# Courses for Health and Safety Officer



## Archieballs (6 Feb 2007)

Hey guys

I am currently in office work but really would love to change my career and become a Health and Safety Officer.  It is an area i have always had an interest in.  Just wonderning can anyone recommend courses or where i should start looking


----------



## dahamster (7 Feb 2007)

heres a link to all available: [broken link removed]
google is your friend!!


----------



## Meathman99 (7 Feb 2007)

also try www.iosh.org
Get some practical experience in the field that you want to be HS officer.  The role of a health safety officer in a highly regulated multi national will be different to that on a small building site


----------



## nelly (7 Feb 2007)

there are courses all over but you need to choose the right one - that suits you and your pocket!. You can do a 10 week course one night a week with NISO.http://www.niso.ie and this will give you an insight into the broad aspects  of the being the H&S Officer. - could turn you right off it and save you money and time
Progression is  usually via a longer course 2 year at night for diploma in HSWW in UCC & UCD & DCU. Other courses avaiable in Ireland require  you to study fulltime so they really only suit some folks.
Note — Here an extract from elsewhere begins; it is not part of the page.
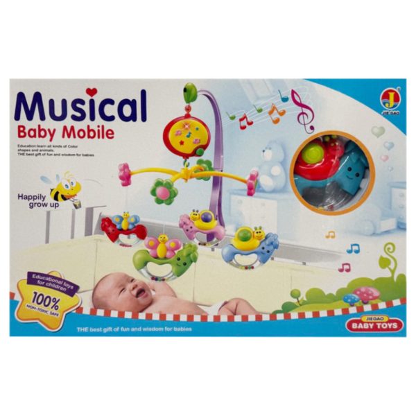 Мобіль складається з чотирьох іграшок, які кріпляться за допомогою мотузок і колишуться в повітрі. Карусель виконана в ніжних, не дратівливих кольорах, а завдяки музичному та світловому супроводу буде ще більше привертати увагу дитини.

Doing the night courses allows you network while working in the area gaining experience - the qualification with no experience is not too employable. 
other websites are IOSH IRELAND [broken link removed] which is a spin off of http://www.iosh.co.uk/ the uk organisation.


----------



## mc79 (7 Feb 2007)

I know there is on in UCD, its part time,  I think you need to attend the college one morning a week, I dont know much more about it. But it might be worth looking into it you might be able to keep your office job at the same time as studying


----------